Nitekim Kur’an, bu konuyu şöyle açıklamakta ve müminlere bir ölçü ve kıstas vermektedir:
وَمَا كَانَ اسْتِغْفَارُ إِبْرَاهِيمَ لِأَبِيهِ إِلاَّ عَن مَّوْعِدَةٍ وَعَدَهَا إِيَّاهُ فَلَمَّا تَبَيَّنَ لَهُ أَنَّهُ عَدُوٌّ لِلّهِ تَبَرَّأَ مِنْهُ إِنَّ إِبْرَاهِيمَ لأوَّاهٌ حَلِيمٌ:
“İbrahim'in kendi babası için istiğfarına gelince, bu sırf ona verdiği bir sözden dolayı idi. Babasının bir Allah düşmanı olduğu ona belli olunca, İbrahim ondan ilgisini kesip uzaklaştı. Doğrusu İbrahim yufka yürekli ve çok yumuşak tabiatlı, güzel ahlâklı idi.”
(TEVBE SURESİ 114. AYET)
MÜFESSİR KURTUBÎ BU KONUDA ŞÖYLE DEMİŞTİR: “İbrahim (AS)’ın babası zevahiri dikkate alarak oğluna, sırası gelince iman edeceğini söz vermişti. O bakımdan İbrahim (AS) onun için istiğfarda bulunmuştur.

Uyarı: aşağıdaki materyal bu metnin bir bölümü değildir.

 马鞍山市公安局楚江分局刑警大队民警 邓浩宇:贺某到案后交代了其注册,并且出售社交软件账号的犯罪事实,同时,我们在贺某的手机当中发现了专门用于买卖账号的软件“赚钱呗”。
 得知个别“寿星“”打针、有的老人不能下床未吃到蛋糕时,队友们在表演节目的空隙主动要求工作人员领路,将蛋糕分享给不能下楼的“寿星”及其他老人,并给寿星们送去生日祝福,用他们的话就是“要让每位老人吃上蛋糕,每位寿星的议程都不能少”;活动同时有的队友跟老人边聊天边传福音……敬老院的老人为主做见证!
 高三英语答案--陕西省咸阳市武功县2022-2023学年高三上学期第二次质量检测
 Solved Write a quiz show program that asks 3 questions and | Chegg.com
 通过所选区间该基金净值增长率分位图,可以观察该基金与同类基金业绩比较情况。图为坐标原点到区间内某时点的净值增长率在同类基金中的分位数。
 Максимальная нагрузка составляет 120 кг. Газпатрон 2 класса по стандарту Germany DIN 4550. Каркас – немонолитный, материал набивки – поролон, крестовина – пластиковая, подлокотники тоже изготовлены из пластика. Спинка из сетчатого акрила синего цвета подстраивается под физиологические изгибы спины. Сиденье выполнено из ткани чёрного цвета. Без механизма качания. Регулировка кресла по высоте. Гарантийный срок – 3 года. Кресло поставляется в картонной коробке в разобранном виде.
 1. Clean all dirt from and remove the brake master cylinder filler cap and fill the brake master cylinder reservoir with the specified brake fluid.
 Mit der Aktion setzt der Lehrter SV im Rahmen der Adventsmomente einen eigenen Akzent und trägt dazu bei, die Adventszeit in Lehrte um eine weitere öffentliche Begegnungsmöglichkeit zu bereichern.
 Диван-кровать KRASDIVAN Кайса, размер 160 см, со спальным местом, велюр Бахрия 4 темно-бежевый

Ancak babasının verdiği sözü yerine getirmediğini görünce ondan ilgisini kesip uzaklaşmıştır.”
Yukarıda konumuzu oluşturan ayette, İbrahim (AS)’ın babası için istiğfarda bulunduğu dönem, onun verdiği sözü yerine getirmesine ümit beslediği günlerdir. Tabii küfür üzerine ölen bir kimse için ne dua, ne de istiğfar etmek caizdir. O bakımdan İbrahim (AS)’ın yaptığı dua ve istiğfar da, babası henüz ölmeden önceye aittir.

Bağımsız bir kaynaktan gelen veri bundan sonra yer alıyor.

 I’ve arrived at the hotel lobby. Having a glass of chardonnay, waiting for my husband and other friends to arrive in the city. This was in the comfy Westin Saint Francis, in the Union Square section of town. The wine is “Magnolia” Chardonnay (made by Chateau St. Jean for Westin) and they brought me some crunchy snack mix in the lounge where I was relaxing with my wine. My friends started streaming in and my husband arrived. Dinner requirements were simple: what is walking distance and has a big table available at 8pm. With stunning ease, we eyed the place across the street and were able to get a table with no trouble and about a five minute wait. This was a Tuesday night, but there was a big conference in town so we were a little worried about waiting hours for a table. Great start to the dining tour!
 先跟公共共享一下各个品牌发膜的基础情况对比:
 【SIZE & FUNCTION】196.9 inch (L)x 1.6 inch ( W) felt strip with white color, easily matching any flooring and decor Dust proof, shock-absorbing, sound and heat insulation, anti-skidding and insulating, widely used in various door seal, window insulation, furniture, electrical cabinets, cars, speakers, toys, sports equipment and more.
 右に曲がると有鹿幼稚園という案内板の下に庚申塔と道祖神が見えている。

SONUÇ OLARAK BU AYETİN BİZE VERDİĞİ ÖĞÜT ŞUDUR: Salih bir müminin, hayatta olup iman etmesi umulan babası için dua ve istiğfarda bulunması caizdir. Günahkâr olarak ölen ana-babası için de her zaman dua ve istiğfarda bulunması sünnettir. Küfür üzere ölen ana-baba, yakınlar ve tanıdıklar için hiçbir zaman dua ve istiğfar yapılmaz. Kur'ân ve Sünnet bunun doğru olmadığında birleşmiştir.
6-) “BENİ (CANLILARIN) DİRİLİP KALDIRILACAKLARI GÜN REZİL VE RÜSVA EYLEME.”
وَلَاتُخْزِنِي يَوْمَ يُبْعَثُونَ:
“(İnsanların) dirilecekleri gün, beni mahcup etme.”
Şüphesiz insan İçin en büyük rüsvalık, âhirette bütün insanların, cinlerin ve meleklerin hazır ve şahit bulunduğu hesap alanında kötülük ve günahlarının ağır gelmesi; geriye kalan az bir iyilik ve sevabın da alınıp hak sahiplerine verilmesiyle neticelenen bir iflastır.
O halde âhiret gününde Cenâb-ı Hakk’ın rüsva etmeyeceği peygamberler, şehitler, sıddîkler ve sâlihlerin yolunu seçip o kafileye katılmamız gerekmektedir. İbrahim (AS)’ın bu husustaki duası bize yol göstermekte ve ölmeden önce kendimizi insanlığımıza yakışan bir düzeye getirerek peygamber terbiyesiyle hayatımızı süslememizi telkin etmektedir.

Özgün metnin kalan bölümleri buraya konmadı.